Quadratic equations are fundamental in mathematics and often occur in various contexts, including physics and engineering.
These equations are usually written in the form \( ax^2 + bx + c = 0 \), where \( a \), \( b \), and \( c \) are constants, and \( x \) represents the unknown variable. In the context of trigonometric equations, the variable can be a trigonometric function such as \( \sin{x} \) or \( \cos{x} \).
To solve quadratic equations, one common method is the quadratic formula given by:

• \( x = \frac{-b \pm \sqrt{b^2 - 4ac}}{2a} \)
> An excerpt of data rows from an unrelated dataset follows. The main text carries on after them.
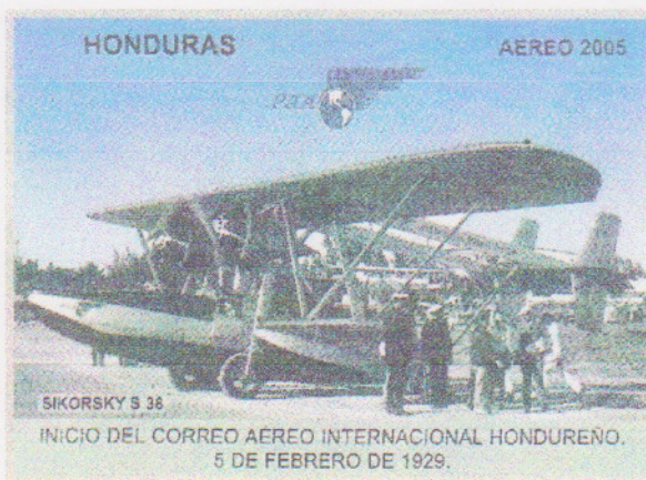
Estampilla Conmemorativa a los Primeros Medios de Transporte

La década del Siglo XX es digna de mencionarse porque dichos años corresponden a las solicitudes para establecer servicios aéreos en el país. Varias firmas nacionales como internacionales ofrecieron rutas para diferentes lugares, se efectuaron pruebas en demostración de la eficiencia de la aviación.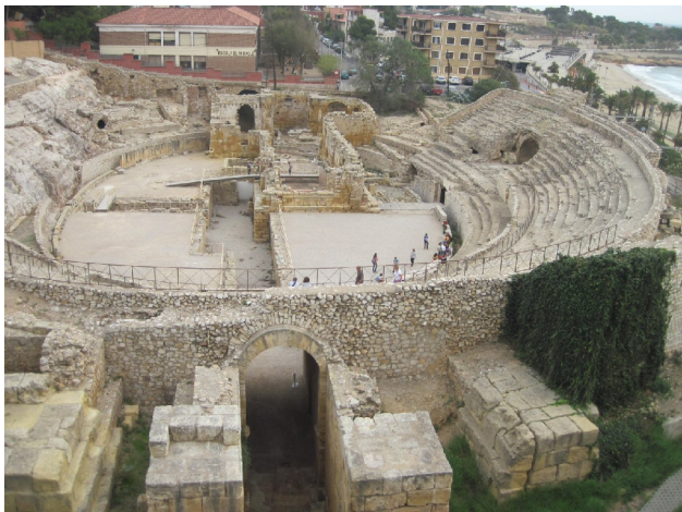
Imponerende arena uden for Tarragona

tid, blev dette til et fint lag rødt mudder (det er det fænomen meteorologerne kalder blodregn og som I vist også har oplevet i Danmark i disse dage om end med mindre intensitet end her). Med vores erfaringer fra Rabat, hvor båden også blev dækket af et sådant lag ørkensand, vidste vi, at det ikke skulle have sol, for så at blive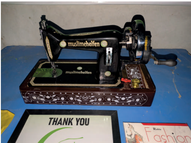
▲ Multan, Pakistan: Jede Teilnehmerin erhielt zum Abschluss des Nähkurses ihre eigene Nähmaschine.

Sie schloss den Kurs erfolgreich ab und erhielt – genau wie alle anderen Teilnehmerinnen – ein Zertifikat sowie eine eigene Nähmaschine mit Elektromotor. Während der Ausbildung bekamen die Teilnehmerinnen außerdem ein umfangreiches Nähset mit verschiedenen Schneide-, Mess- und Nähutensilien sowie Übungs- und Lernmaterialien, das sie nach Kursende behalten durften.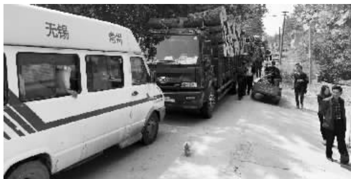
这些货车被一辆依维柯堵在路上

事发泗洪,司机称经谈判降到2000元,但还是拿不出来;乡政府称收费是村民自发组织的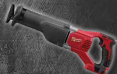
Scie alternative M18 FUEL MC SAWZALL MD (outil seulement), 2621-20 159 00 $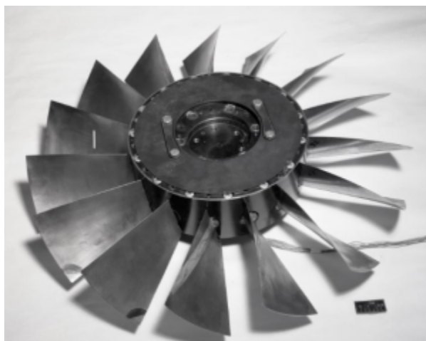
Fig. 1 https://catalog.archives.gov/id/17426841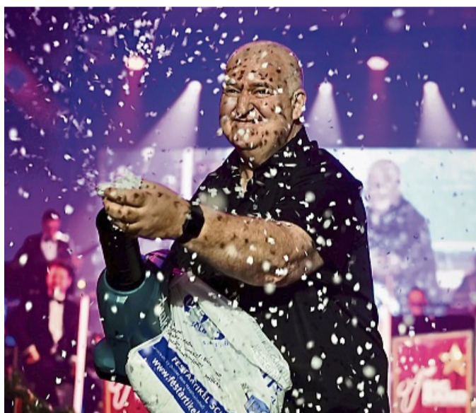
Führte launig durchs Programm: Der Comedian Markus Maria Profitlich ließ zu „Leise rieselt der Schnee“ Konfettis schneien.

This formula allows us to find the roots of the equation, providing solutions for the unknown variable, \( x \). Recognizing a quadratic equation within another context, such as in terms of \( \sin{x} \), is essential to applying this formula correctly and finding all possible solutions.
For example, the equation \(3 \sin^2{x} - 7\sin{x} + 2 = 0\) is quadratic in \( \sin{x} \), and hence the quadratic formula can be applied to find values of \( \sin{x} \) that satisfy the equation.

Trigonometric functions describe relationships involving angles and lengths in right-angled triangles.
The primary trigonometric functions include sine, cosine, and tangent, each defined in terms of a right-angled triangle.

• \( \sin{x} = \frac{\text{opposite side}}{\text{hypotenuse}} \)
• \( \cos{x} = \frac{\text{adjacent side}}{\text{hypotenuse}} \)
• \( \tan{x} = \frac{\text{opposite side}}{\text{adjacent side}} \)

In trigonometric equations like the one in the original exercise, often constraints apply.
For instance, the sine function always produces values between \(-1\) and \(1\). Therefore, any value resulting from solving a trigonometric equation that doesn't lie within this interval cannot be a valid solution.
Knowing the periodic nature of these functions is also helpful. For \( \sin{x} \), the function repeats its values every \(2\pi\) units, which is crucial when determining all possible solutions within a specified interval. This periodic behavior helps in accounting for additional solutions derived from the base angle.

Interval notation is a concise way of describing a range of numbers along a number line.
It is used extensively in mathematics to specify the domain or solutions of a function or equation.
For an interval from point \(a\) to point \(b\), we might write:

• \([a, b]\) if both endpoints \(a\) and \(b\) are included (closed interval)
• \((a, b)\) if \(a\) and \(b\) are not included (open interval)
• \([a, b)\) or \((a, b]\) if one end is included and the other is not (half-open intervals)

The interval \([0, 5\pi]\) from the exercise specifies that values are considered starting from 0 up to and including \(5\pi\).
This notation is essential when determining which solutions of a trigonometric equation fall within a given range.
It ensures that none of the potential solutions are outside the boundaries defined by the problem. Knowing how to interpret and apply interval notation is key for verifying the solutions to equations, especially when they include infinite or unbounded ranges in trigonometric functions.